Model outputs: compare inferred parameters to known parameters

Get a dataframe of all of the key estimated model parameters combined with the key “known” model parameters to get a sense of which parameters we can recover and which might be unidentifiable (just as a first pass, eventually we will probably want to do a full sensitivity analysis to identify the regions of parameter space that are non-identifiable).

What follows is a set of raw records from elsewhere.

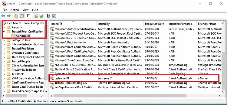 Il certificato creato deve essere disponibile sul server e sui client nel Gestore certificati di Windows.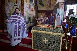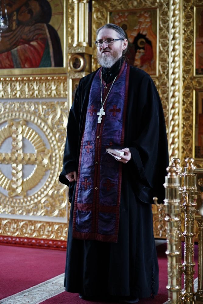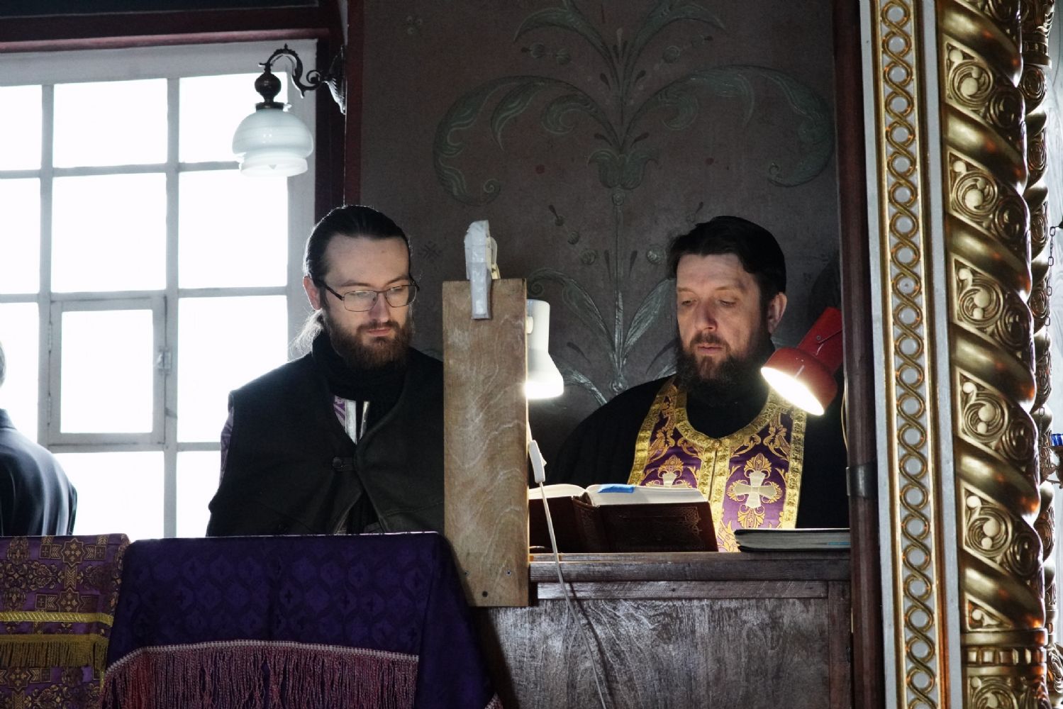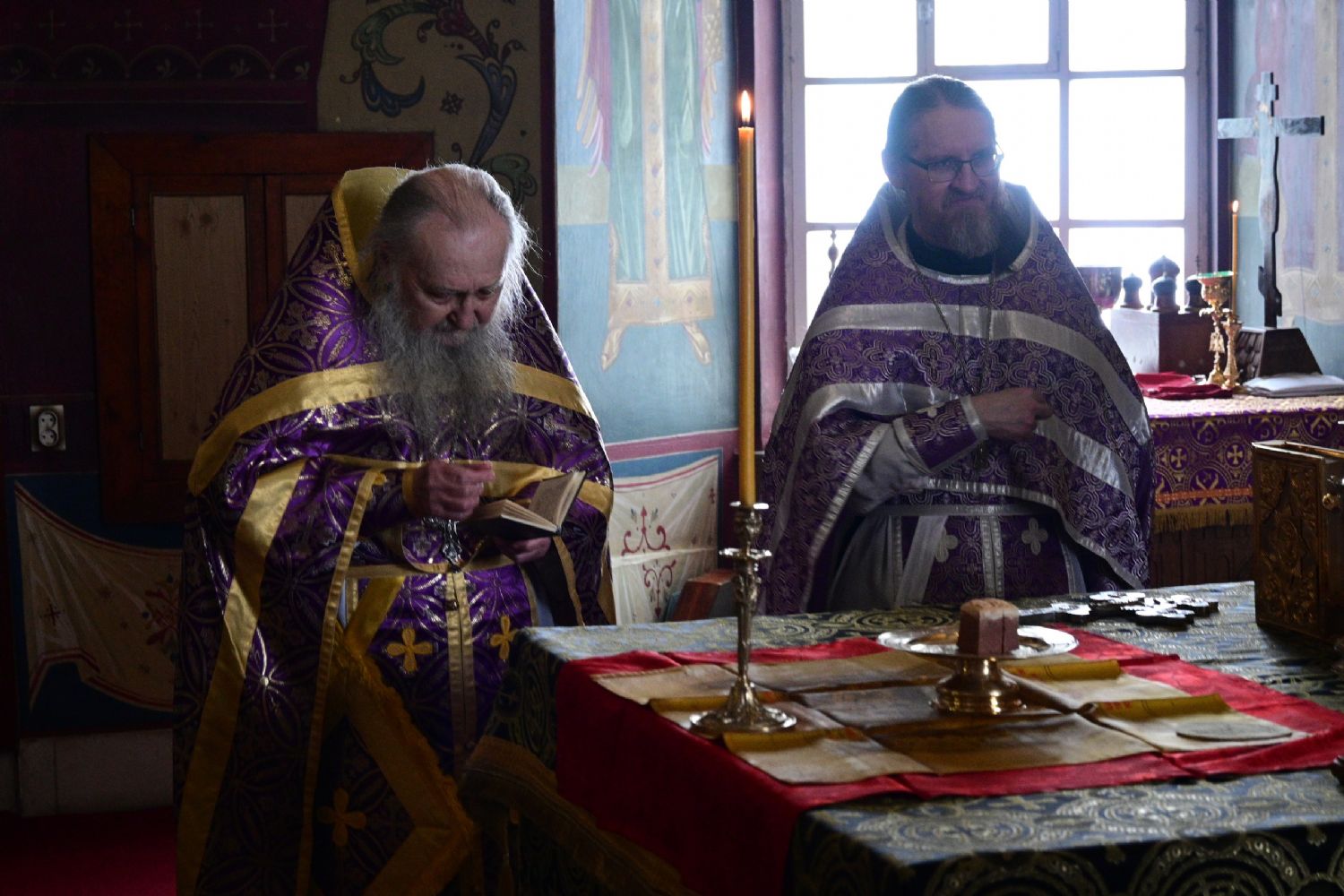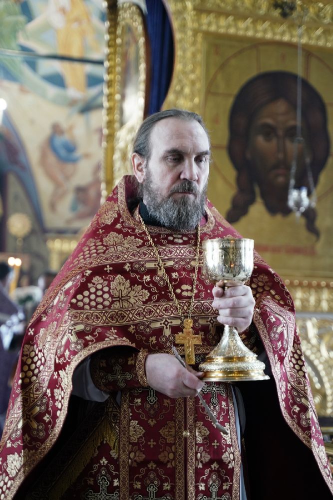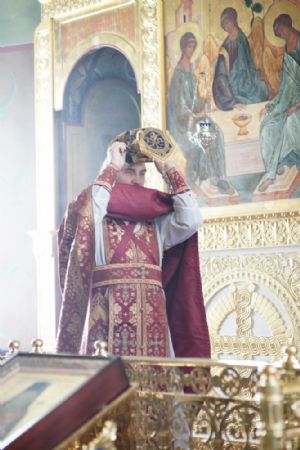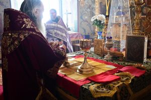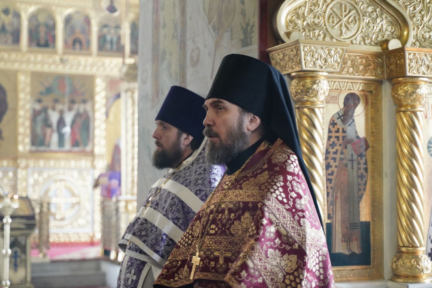 Его Высокопреосвященству сослужили секретарь Йошкар-Олинского епархиального управления иеромонах Серафим (Пасанаев), настоятель собора протоиерей Евгений Кутырев, благочинный Йошкар-Олинского церковного округа протоиерей Андрей Норкин, клирики собора иерей Александр Деревяшкин и протодиакон Александр Конокпаев, а также протодиакон Михаил Козловский. Песнопения исполнял хор собора под управлением Ангелины Бабиной.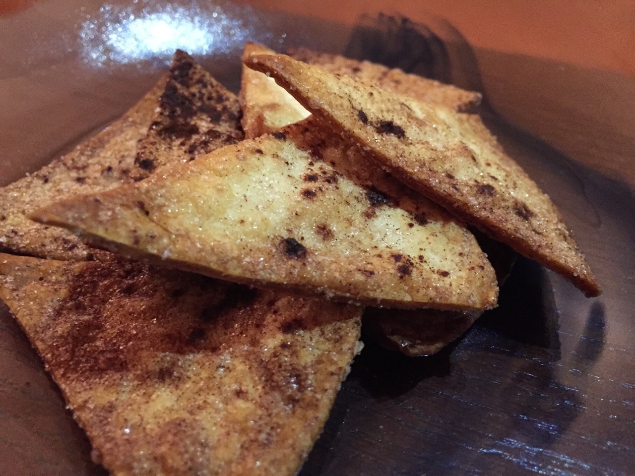 We had leftover flour tortillas, so we tried out this recipe, which is a healthier version of buenelos: http://www.spiciefoodie.com/2012/05/04/healthy-cinnamon-sugar-chips/. However, instead of tossing the oiled, baked chips in cinnamon sugar, we tossed pieces a little vegetable oil, then added the cinnamon-sugar mixture to coat the pieces before baking. We also sprinkled extra cinnamon sugar on each piece before putting them in the oven at 400 for about 8 mins. We used a sugar:cinnamon ratio of 3:1. (Apr. 2016)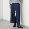 レッグラインを拾いにくく、すっきり見せる工夫満載。ワイドシルエットとセンターラインで脚長効果も。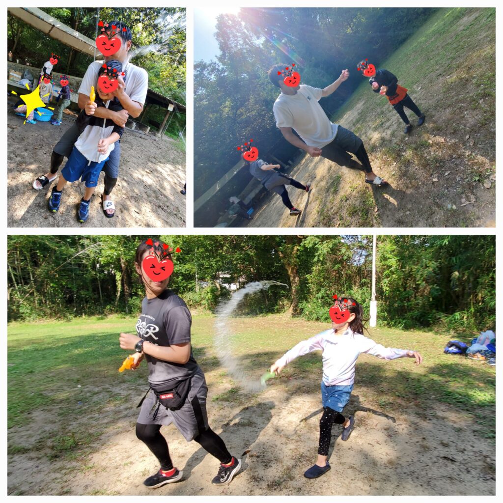 いよいよ最後の時間は子ども達が楽しみにしていた水遊びをしました😆たくさんの水ふうせんを膨らませて手にいっぱい持ったら職員さんに全力ダッシュで当てに行くぞ~~🏃🏃‍♂️水てっぽうでもかけあって全員びしょ濡れになるまでめいっぱい遊びました⭐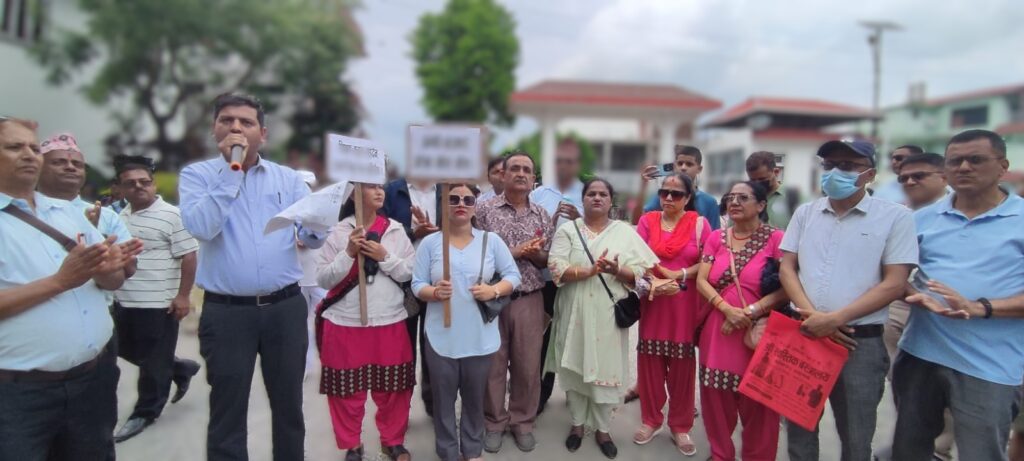 झापा, १६ वैशाख । आन्दोलनरत मेचीनगरका शिक्षकले आज नगरपालिका परिसरमा विरोध सभा गरेका छन् । सरकारले आफ्ना जायज मागलाई २८ औं दिन सम्म्पनि सम्बोधन नगरेपछि आक्रोशित बनेका शिक्षकहरुले अव उप्रान्त राजनीतिक दलको आवद्धता परित्याग गर्ने उद्घोष समेत गरेका छन् ।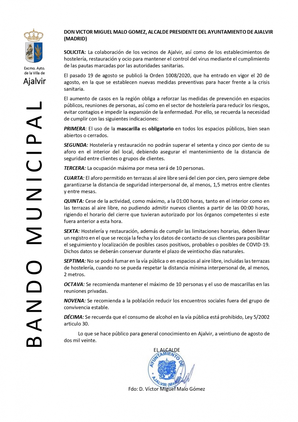 SOLICITA: La colaboración de los vecinos de Ajalvir, así como de los establecimientos de hostelería, restauración y ocio para mantener el control del virus mediante el cumplimiento de las pautas marcadas por las autoridades sanitarias.

Note that if you are modifying this vignette to run on your own data skip this part– in the case of real data, we don’t know the true underlying model parameters.

static_params <- c(
  "eta_sd", "autoreg_rt",
  "autoreg_rt_site",
  "log_r_mu_intercept",
  "i0_over_n", "initial_growth",
  "inv_sqrt_phi_h", "mode_sigma_ww_site", "sd_log_sigma_ww_site",
  "p_hosp_mean", "p_hosp_w_sd", "t_peak", "viral_peak",
  "dur_shed", "log10_g", "ww_site_mod_sd",
  "infection_feedback"
)
vector_params <- c(
  "w", "p_hosp_w", "rt", "state_inf_per_capita", "p_hosp",
  "eta_log_sigma_ww_site", "ww_site_mod_raw",
  "ww_site_mod", "sigma_ww_site",
  "hosp_wday_effect"
)

matrix_params <- c("error_site")


# Get the full posterior parameter distribution from the real data
full_param_df <- get_full_param_distrib(
  all_draws, static_params, vector_params, matrix_params
)

# Compare to the knows parameters
param_df <- cfaforecastrenewalww::param_df # A set of the set static and dynamic
# from the `generate_simulated_data()` function default args. This is package data
comp_df <- full_param_df %>%
  left_join(param_df,
    by = c("name", "index_rows", "index_cols")
  )

ggplot(comp_df %>% filter(name %in% c("rt", "p_hosp"))) +
  geom_line(aes(x = index_cols, y = value, group = draw), size = 0.05, alpha = 0.05) +
  geom_line(aes(x = index_cols, y = median), color = "black") +
  geom_line(aes(x = index_cols, y = true_value), color = "red") +
  facet_wrap(~name, scales = "free") +
  theme_bw() +
  xlab("Time (days)") +
  ylab("Parameter value") +
  scale_y_continuous(trans = "log") +
  ggtitle("Posterior parameter distribution vs known parameter values")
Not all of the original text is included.